Sunday 1 December 2013

The Music Room - Twerking my way back to you (or 'Sex and the CD')


Sex and music have been splashed all over the news recently. From the implausibly named Robin Thicke with his unsavoury lyrics and scantily clad friends to someone who used to be teen heroine Hannah Montana brazenly 'Twerking' with implausibly named Robin at the MTV awards. At this point, for readers over the age of 22 I'd better explain that 'Twerking' is defined in the indispensable Urban Dictionary as, 'basically a slutty dance'. In fact the delightfully named triple album 'Twerk It' is currently riding high in the UK hit parade. It features the aforementioned Robin Thicke and Miley Cyrus and, it probably goes without saying, Little Mix. 60 tunes, old and new, tailor made for twerking to.

This preponderance of sex and music made me (and Sinead O'Connor and Annie Lennox) wonder whether it’s a new phenomenon. Is music any more sexually explicit now than it was when we were all knee-high to grasshoppers?

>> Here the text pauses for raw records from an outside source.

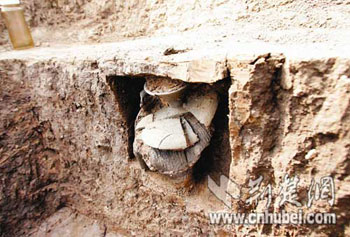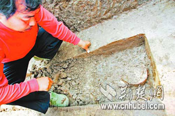 昨(23)日,在距襄樊高新區韓崗村的韓氏家族墓葬一百多米處,考古人員經連日發掘又發現了一批墓葬,初步判斷這些是春秋時期的鄧國墓葬。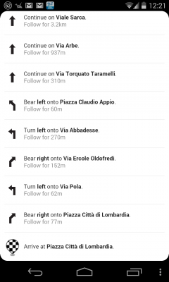 Entrambe le versioni supportano la navigazione turn-by-turn, ma la versione Amazon ha una interfaccia più antiquata, oltre ad essere in inglese. Un aspetto assolutamente positivo di entrambe le mappe è che integrano anche i servizi pubblici, contrariamente a Google Maps – a Milano da qualche tempo non sono più compresi i mezzi ATM nelle indicazioni di percorso di Google, ma soltanto i treni; in altre città la situazione potrebbe essere differente.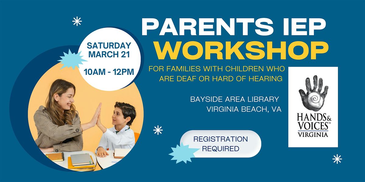 Virginia Hands & Voices invites you to our first FREE educational workshop for families of children who are deaf and hard of hearing in Hampton Roads. Join us at Bayside Area Library in Virginia Beach on Saturday, March 21 from 10am - 12pm for content and conversation you won't want to miss!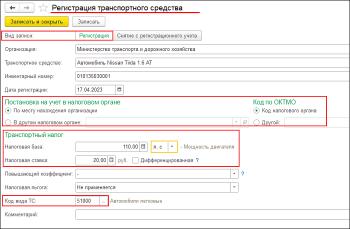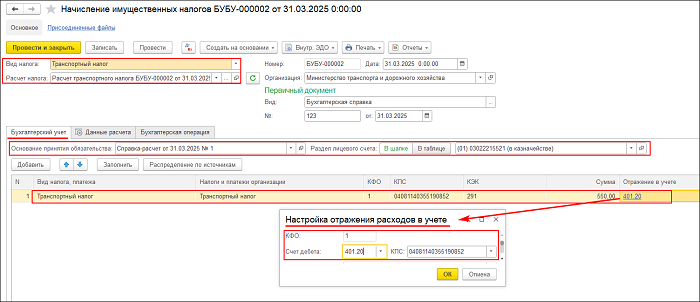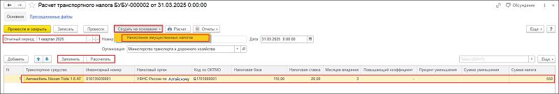 Как отразить начисление транспортного налога в 1С:БГУ?
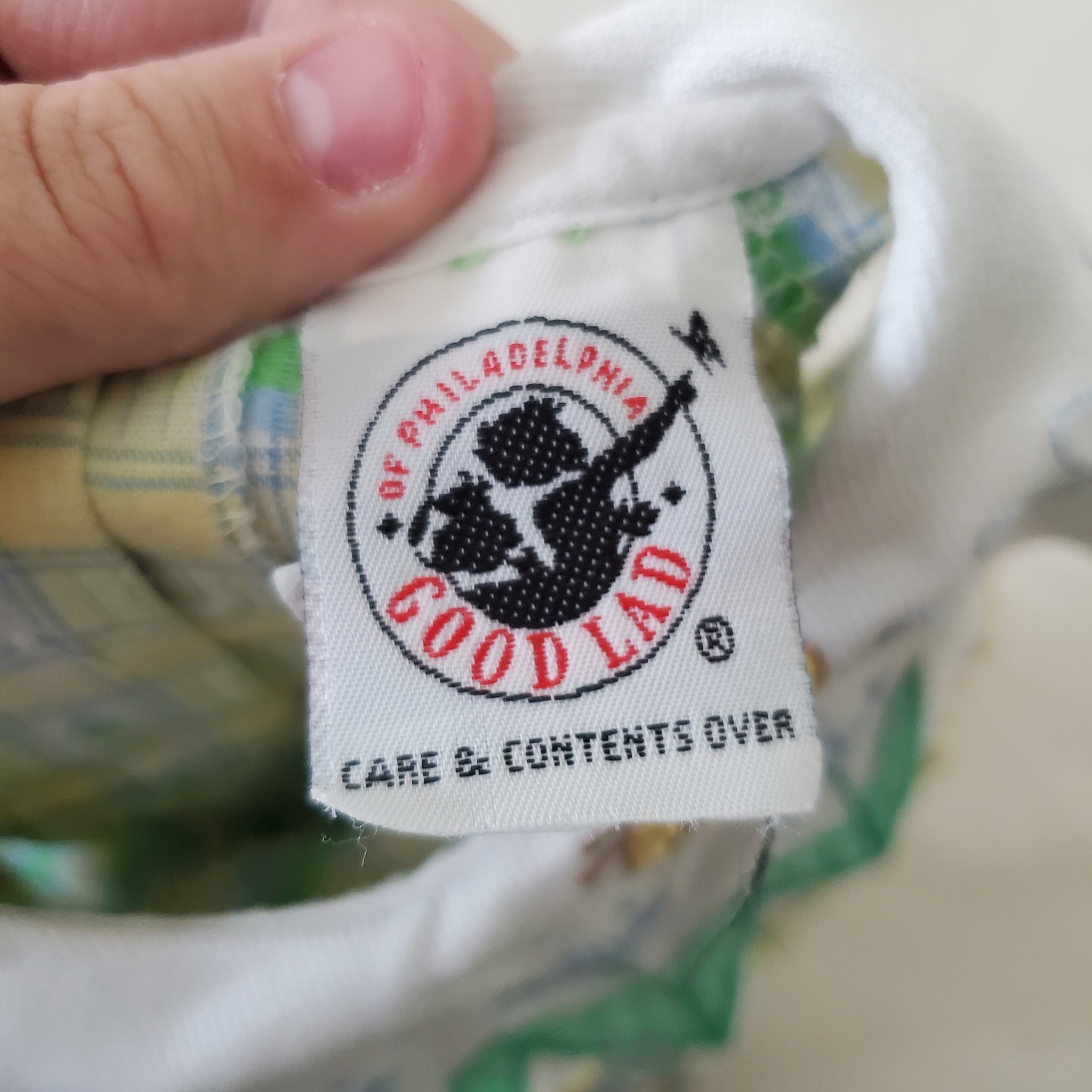 Vintage Goodlad brand green plaid & floral pattern dress or shirt with flower applique on chest! Please see all photos for condition and measurements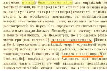– В истории Мекленбурга встретилась интересная заметка о трёх видах кладбищ, характерных для местности: вендския, они же славянские… кегельныя и могилы исполинов… и ведь не тайна это была, почему-то…

'Absolutely not' I hear most of you shout. Sex and music have been inextricably linked ever since Adam realised that being in a band was the fastest way to get into Eve's fig leaf. Of course it was a while before he found any bandmates, and when he eventually did they were brothers, and everyone knows what happens when you have brothers in a band.

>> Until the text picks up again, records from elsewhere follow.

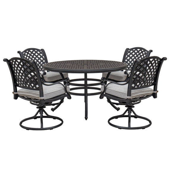 - 5-Piece Dining Set: Versatile set with four swivel chairs and a round table. Features a 2-inch umbrella hole for shade. Ideal for outdoor gatherings and patio dining.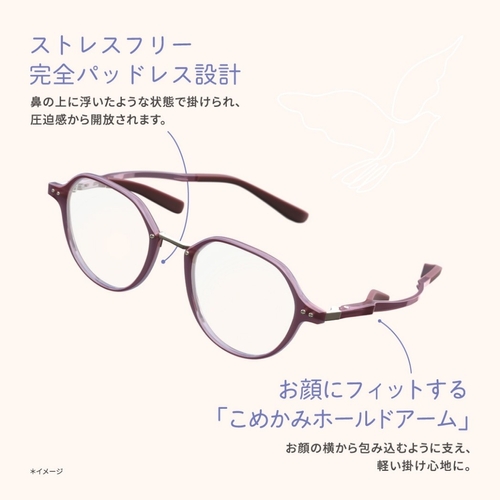 「POWANT(ポワント)」は、こうした課題を解消するため、つるの内側に「こめかみホールドアーム」を搭載しました。お顔の横から包み込むようにしてメガネを支えることで、鼻パッドに頼ることなくお顔にフィットさせることができます。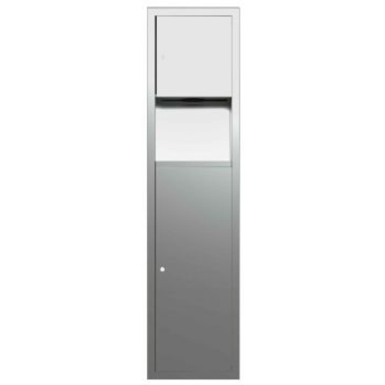Вбудований в стіну гарнітур, в виріб входить: тримач паперових рушників (700 аркушів) кошик для сміття/використаних паперових рушників -22,5 літрів, корпус-нержавіюча сталь AISI 304.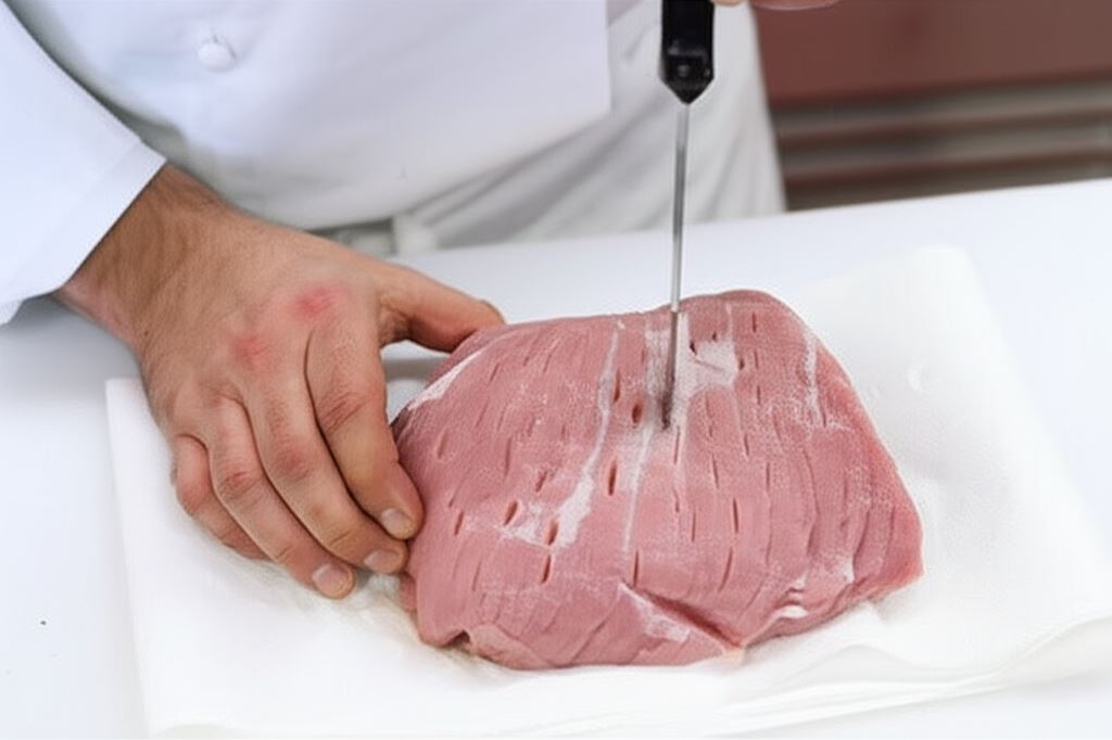 Szynkę opłucz i wysusz, a następnie przy użyciu wąskiego noża lub szpikulca gęsto podziuraw całą wierzchnią powierzchnię mięsa.

If you don't believe that sex and music have been inextricably linked since the very dawn of time then here’s the proof. 22 years ago the UK number one single was ‘I Wanna Sex You Up’. And what do you think Marvin, to whom Robin has been implausibly linked, was singing about on ‘Let's Get it on’? Do you have any idea what Bill Haley, and Big Joe Turner before him, was referring to when singing, 59 years ago, about a one-eyed cat in ‘Shake, Rattle and Roll’?
And what about Tommy McClennan’s 72-year old blues (and carpentry) classic ‘Cross Cut Saw Blues’, which opens with the immortal lines;

‘I’m a crosscut saw, drag me ‘cross your log,
I’m a crosscut saw, drag me ‘cross you log,
Babe I’ll cut your wood so easy,
You can’t help say “hot dog”’!

There have admittedly been recent subtle changes, however. Changes that were set in motion by Madonna and carried forward by Britney Spears and Christina Aguilera. Changes that resulted in the more explicit becoming more mainstream. I’m also thinking at this point of Britney Spears video for ‘Toxic’. As I often do.

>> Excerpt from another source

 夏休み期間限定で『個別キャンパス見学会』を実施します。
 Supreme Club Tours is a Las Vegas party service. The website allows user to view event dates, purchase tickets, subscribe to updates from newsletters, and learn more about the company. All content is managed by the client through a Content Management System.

Ultimately though, popular music is all about rebellion, about shocking adults. In many ways that’s the whole point of it. Consider Little Richard’s lyrics and sexual ambiguity. Or maybe Elvis Presley’s hips. Or how about the ‘in your face’ attitude towards drug taking that pervaded the late 1960s (and the club culture of the late 1980s). Or possibly the long hair and make-up so beloved of the finest proponents of glam rock. Or David Bowie, not sure if he’s a boy or a girl. Even the anti-establishment stance and lack of accepted musical talent of Punk, so shocking that ‘God Save The Queen’ wasn’t allowed to reach the top of the charts.


Hopefully you’re starting to get the picture now. Miley and Robin’s antics are designed, and even literally choreographed to shock. So if you feel outraged by their attention-seeking behaviour, then their plans have well and truly worked.